Day 4 Sao Paulo:
Bom Dia from Brazil!
Our first day in Brazil started with a rude awakening to what traffic looks like in a city like Sao Paulo with 20 Million inhabitants. Pro Tip: add an extra hour of commute to every journey. We were taken to an incredible lunch at one of the top restaurants in Sao Paulo to mix with investors and entrepreneurs in the area. Over 40 people involved in the local community shared with us a meal and their insights into the Brazilian startup ecosystem. These entrepreneurs enlightened us on the opportunities present to the budding entrepreneurs in the region.

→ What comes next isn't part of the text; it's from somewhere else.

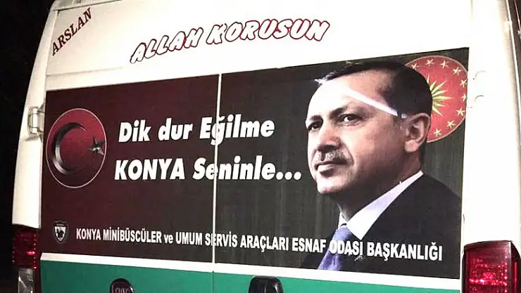 Konya, Cumhurbaşkanı Recep Tayyip Erdoğan’ı karşılamaya hazırlanıyor. Konya Minibüsçüler ve Umum Servis Araçları Esnaf Odası da Cumhurbaşkanı Erdoğan’ın Konya gelişi münasebeti ile minibüslerin arka panellerini Cumhurbaşkanı Erdoğan'ın sözleri donattı. Konya Minibüsçüler ve Umum Servis Araçları Esnaf Odası yaptığı bu davranışla kamuoyunda takdir topluyor. Konya’da hizmet veren minibüsçülerin 15 Temmuz akşamı gerçekleştirilen ve ülkeyi kana bulayan darbe girişimine biran olsun sessiz kalmadığını ifade eden Konya Minibüsçüler ve Umum Servis Araçları Esnaf Odası Başkanı Muharrem Karabacak, Konya Minibüsçüler ve Umum Servis Araçları Esnaf Odası olarak farklı bir çalışmaya imza attıklarını söyledi.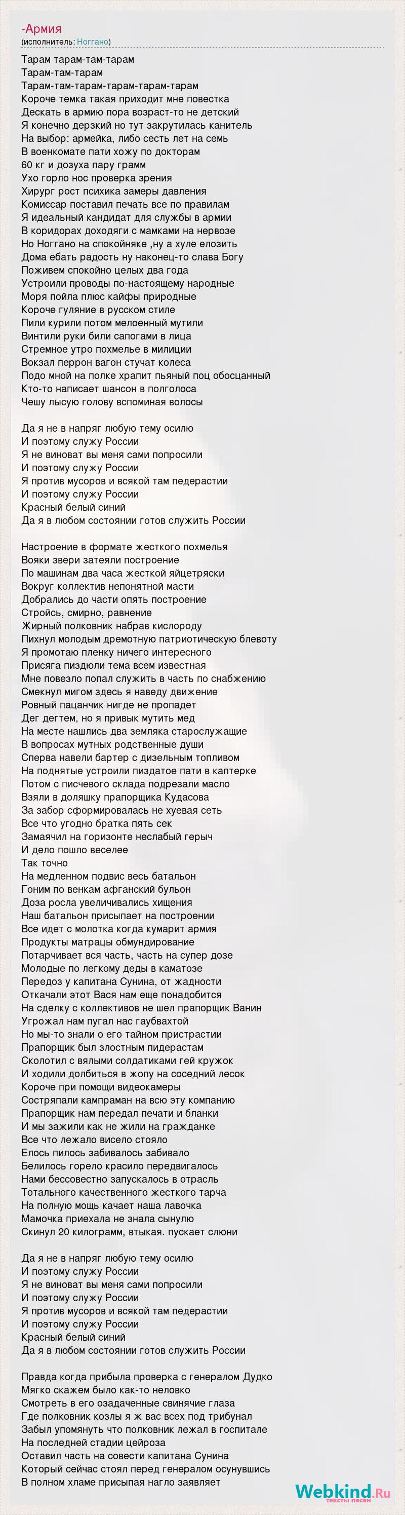 Тарам тарам-там-тарам Тарам-там-тарам Тарам-там-тарам-тарам-тарам-тарам Короче темка такая приходит мне повестка Дескать в армию пора возраст-то не детский Я конечно дерзкий но тут закрутилась канитель На выбор: армейка, либо сесть лет на семь В военкомате пати хожу по докторам 60 кг и дозуха пару грамм Ухо горло нос проверка зрения Хирург рост психика замеры давления Комиссар поставил печать все по правилам Я идеальный кандидат для службы в армии В коридорах доходяги с мамками на нервозе Но Ноггано на спокойняке ,ну а хуле елозить Дома ебать радость ну наконец-то слава Богу Поживем спокойно целых два года Устроили проводы по-настоящему народные Моря пойла плюс кайфы природные Короче гуляние в русском стиле Пили курили потом мелоенный мутили Винтили руки били сапогами в лица Стремное утро похмелье в милиции Вокзал перрон вагон стучат колеса Подо мной на полке храпит пьяный поц обосцанный Кто-то написает шансон в полголоса Чешу лысую голову вспоминая волосы Да я не в напряг любую тему осилю И поэтому служу России Я не виноват вы меня сами попросили И поэтому служу России Я против мусоров и всякой там педерастии И поэтому служу России Красный белый синий Да я в любом состоянии готов служить России Настроение в формате жесткого похмелья Вояки звери затеяли построение По машинам два часа жесткой яйцетряски Вокруг коллектив непонятной масти Добрались до части опять построение Стройсь, смирно, равнение Жирный полковник набрав кислороду Пихнул молодым дремотную патриотическую блевоту Я промотаю пленку ничего интересного Присяга пиздюли тема всем известная Мне повезло попал служить в часть по снабжению Смекнул мигом здесь я наведу движение Ровный пацанчик нигде не пропадет Дег дегтем, но я привык мутить мед На месте нашлись два земляка старослужащие В вопросах мутных родственные души Сперва навели бартер с дизельным топливом На поднятые устроили пиздатое пати в каптерке Потом с писчевого склада подрезали масло Взяли в доляшку прапорщика Кудасова За забор сформировалась не хуевая сеть Все что угодно братка пять сек Замаячил на горизонте неслабый герыч И дело пошло веселее Так точно На медленном подвис весь батальон Гоним по венкам афганский бульон Доза росла увеличивались хищения Наш батальон присыпает на построении Все идет с молотка когда кумарит армия Продукты матрацы обмундирование Потарчивает вся часть, часть на супер дозе Молодые по легкому деды в каматозе Передоз у капитана Сунина, от жадности Откачали этот Вася нам еще понадобится На сделку с коллективов не шел прапорщик Ванин Угрожал нам пугал нас гаубвахтой Но мы-то знали о его тайном пристрастии Прапорщик был злостным пидерастам Сколотил с вялыми солдатиками гей кружок И ходили долбиться в жопу на соседний лесок Короче при помощи видеокамеры Состряпали кампраман на всю эту компанию Прапорщик нам передал печати и бланки И мы зажили как не жили на гражданке Все что лежало висело стояло Елось пилось забивалось забивало Белилось горело красило передвигалось Нами бессовестно запускалось в отрасль Тотального качественного жесткого тарча На полную мощь качает наша лавочка Мамочка приехала не знала сынулю Скинул 20 килограмм, втыкая. пускает слюни Да я не в напряг любую тему осилю И поэтому служу России Я не виноват вы меня сами попросили И поэтому служу Росси

The community of entrepreneurs in Brazil all share an incredible attitude of optimism and opportunity about their country. They see the fact that 200 Million people are quickly getting online and getting credit which make online transactions easier and easier. They are not alone in their optimism either, the european and american venture funds and entrepreneurs see this as a wide open market to replicate established ideas in and make them inherently Brazilian.
We met some young American entrepreneurs who had moved to Sao Paulo to tackle the local market. The idea is that it is easier to build a $100M company in Brazil than it is in the US or Europe these days. Brazil has a distinct logistical advantage that other countries in the region lack (good central post office system) which facilitates ecommerce. This alone could be a valuable metric if you were looking to get into ecommerce in other emerging markets.
Day 5: Sao Paulo
One of the most fascinating things we learned while meeting with local entrepreneurs was the obstacles they face in hiring and ramping up their teams down here. Employment laws are so anti-employer compared to the United States it makes you wonder who would want to risk setting up a company here. Employment and labor costs are so high that talent is comparable in price to San Francisco.
Despite the hurdles of setting up a business and staffing it, there is an incredible energy down here that will definitely create a slew of big multi-national, world class startups. I have no doubt that we will see the next Amazon pop up in Brazil soon. Which makes me wonder why isn’t Amazon trying to become the Amazon of the Amazon?